Tuesday, November 30, 2010

Pentagon Study Recommends Repeal of "Don't Ask, Don't Tell"

The Department of Defense has released the long-awaited findings of its study on how best to implement repeal of "Don't Ask, Don't Tell."  You can view the findings of the study here and all of the study-related news here, but here are the most important bits:

Fast Facts:
  • The study received survey responses from 115,052 servicemembers and 44,266 military spouses, and another 72,384 online comments from servicemembers and their families. The 68-member working group held 95 in-person forums with 24,000 servicemembers at 51 military installations, and held 140 smaller focus groups.
  • 70% of servicemembers said repeal would have a positive, mixed, or no effect on unit cohesion and readiness.  A "significant majority" of 30% expressed negative views or concerns with regards to repeal
  • 69% of servicemembers said they believed they had worked with someone who is gay. Of those who knew they had worked with a gay person, 92 percent said their experience was very good, good, or neither good nor poor.
  • 74% of spouses said repeal would have no bearing on whether they wanted their spouse to stay in the military; 12% who said they would want their spouse to leave sooner.

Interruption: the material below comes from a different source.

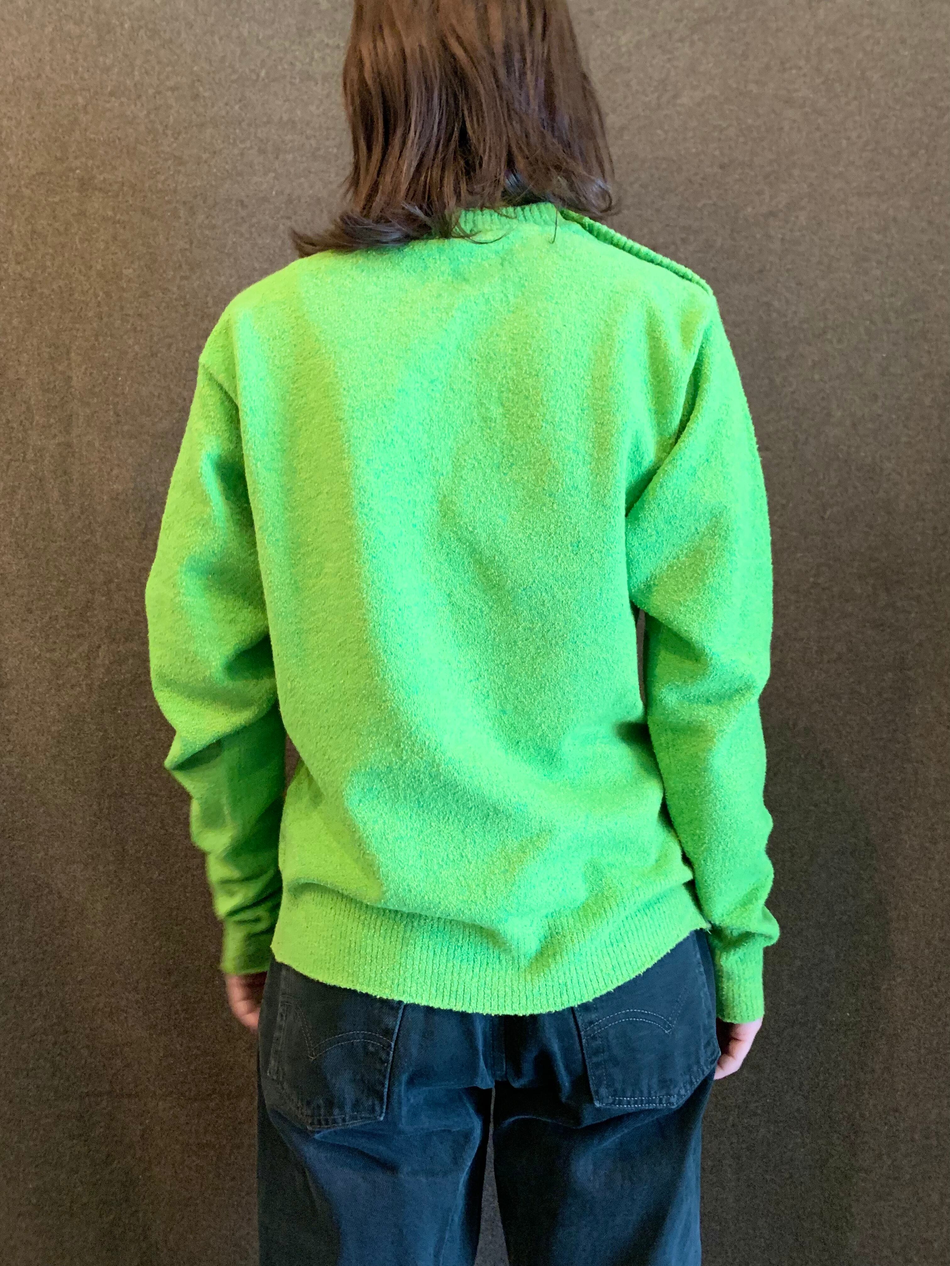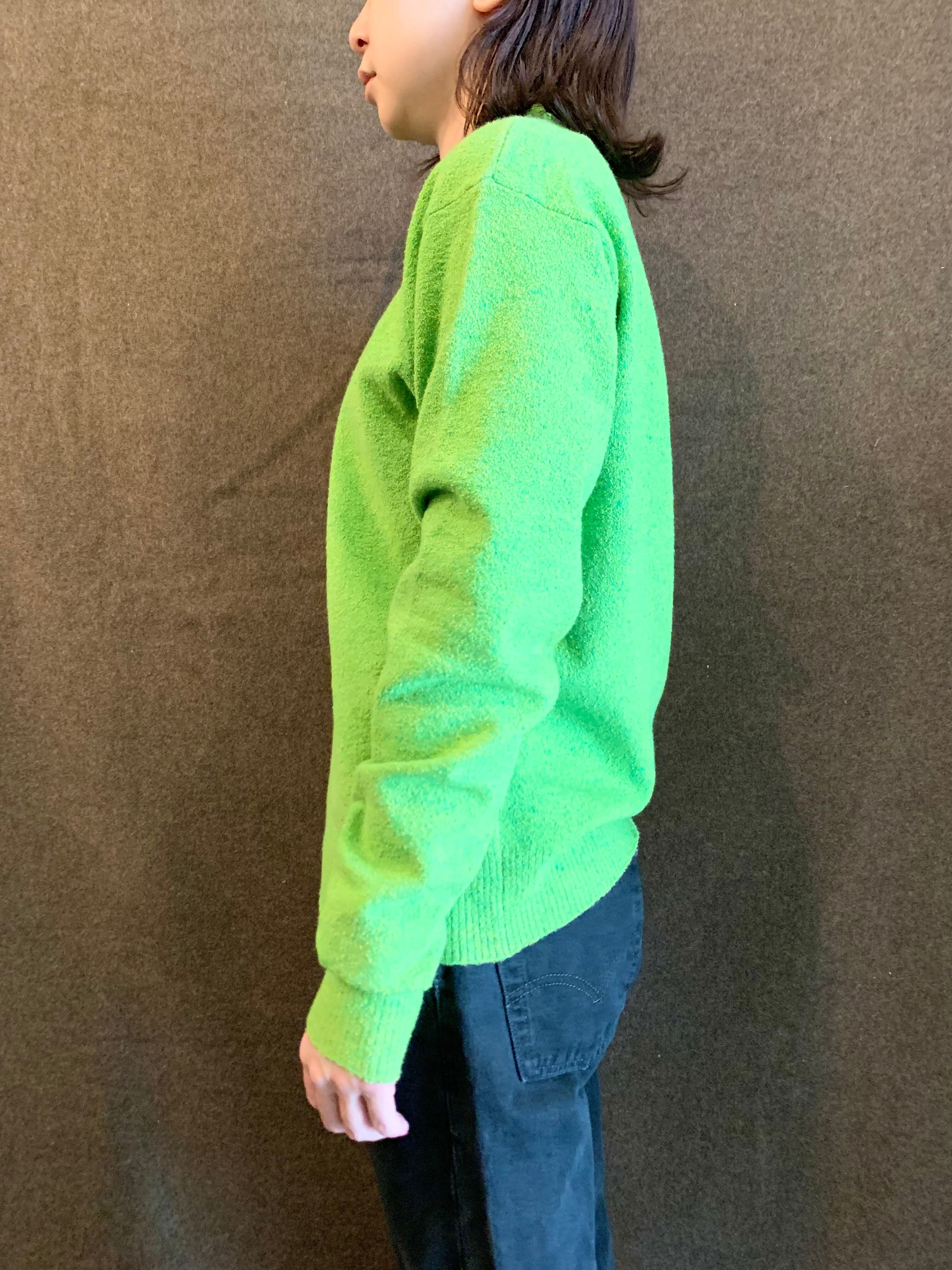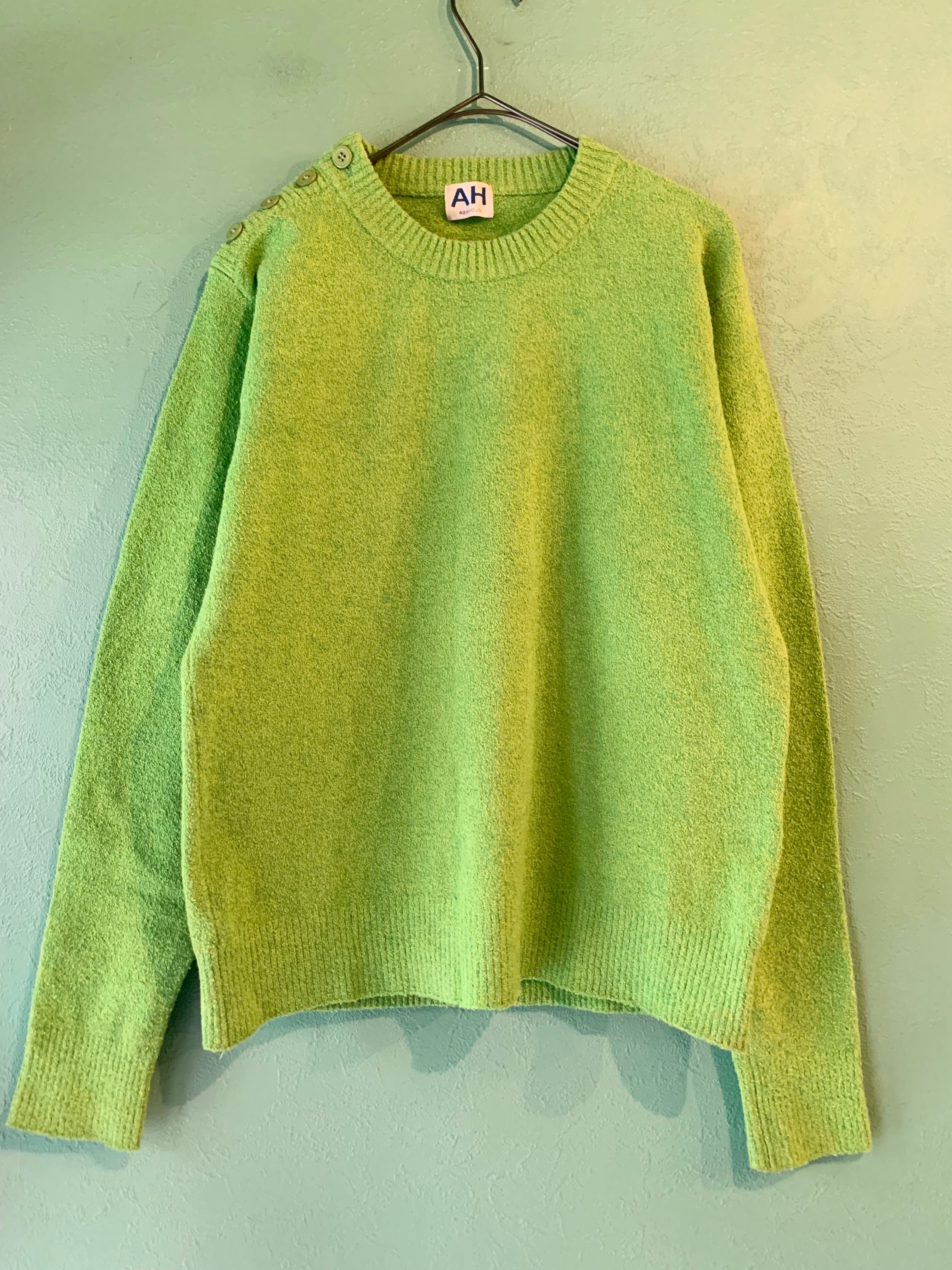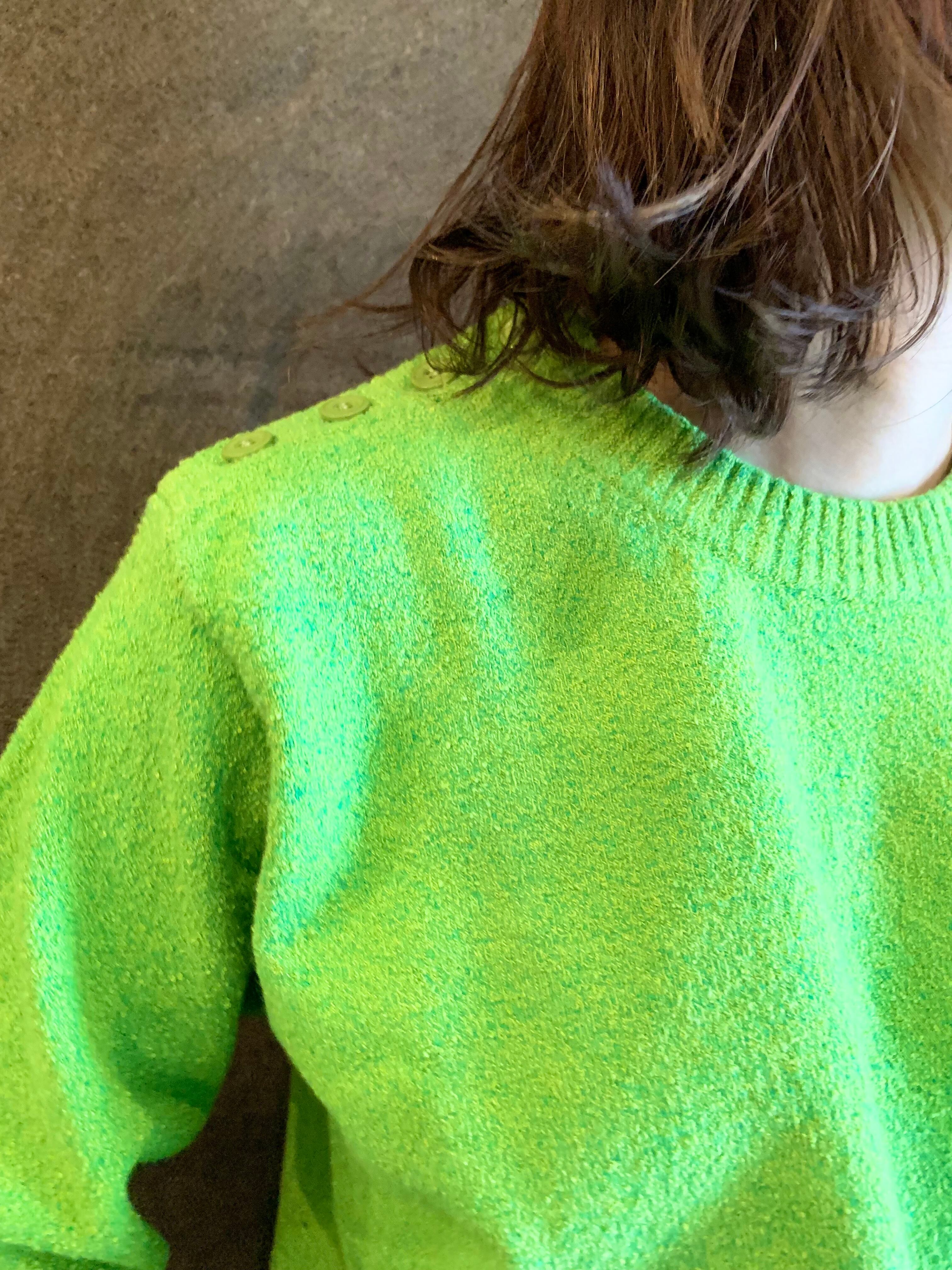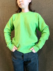 緑×黄色の糸を織り合わせた可愛らしい黄緑カラーのミックスニット。

From the Executive Summary:
"Our assessment is that, when coupled with the prompt implementation of the recommendations we offer below, the risk of repeal of Don’t Ask, Don’t Tell to overall military effectiveness is low. We conclude that, while a repeal of Don’t Ask, Don’t Tell will likely, in the short term, bring about some limited and isolated disruption to unit cohesion and retention, we do not believe this disruption will be widespread or long-lasting, and can be adequately addressed by the recommendations we offer below. Longer term, with a continued and sustained commitment to core values of leadership, professionalism, and respect for all, we are convinced that the U.S. military can adjust and accommodate this change, just as it has others in history."
Recommendations for Repeal:

Courtesy of the Huffington Post:
  • Repeal needs to have "strong leadership, a clear message, and proactive education." Commanders in the field need to be equipped with the proper education and training tools to educate the force on the changes.
  • Military does not need to establish an extensive set of new standards of conduct for repeal, but does need to issue guidance making clear that all standards of conduct apply uniformly, without regard to sexual orientation.
  • A large number of servicemembers expressed religious and moral objections to homosexuality. While the report's co-authors noted that these concerns should not be dismissed, members of the U.S. military already serve alongside people of different faiths and values. An important message of repeal needs to be servicemembers "will not be required to change their personal views and religious beliefs; they must, however, continue to respect and serve with others who hold different views and beliefs."
  • Certain benefits should be accorded to same-sex partners and families of gay servicemembers, although full benefits cannot be legally extended because of the Defense of Marriage Act. For ones that are not barred by this law, the report's co-authors recommend "the benefit be refashioned to become a member-designated one -- in other words, to give the Service member, gay or straight, the discretion to designate whomever he or she wants as beneficiary."
  • Servicemembers who have been discharged under DADT should be allowed to apply for re-entry.

President Barack Obama:
"As Commander in Chief, I have pledged to repeal the “don’t ask, don’t tell” law because it weakens our national security, diminishes our military readiness, and violates fundamental American principles of fairness and equality by preventing patriotic Americans who are gay from serving openly in our armed forces. At the same time, as Commander in Chief, I am committed to ensuring that we understand the implications of this transition, and maintain good order and discipline within our military ranks. That is why I directed the Department of Defense earlier this year to begin preparing for a transition to a new policy.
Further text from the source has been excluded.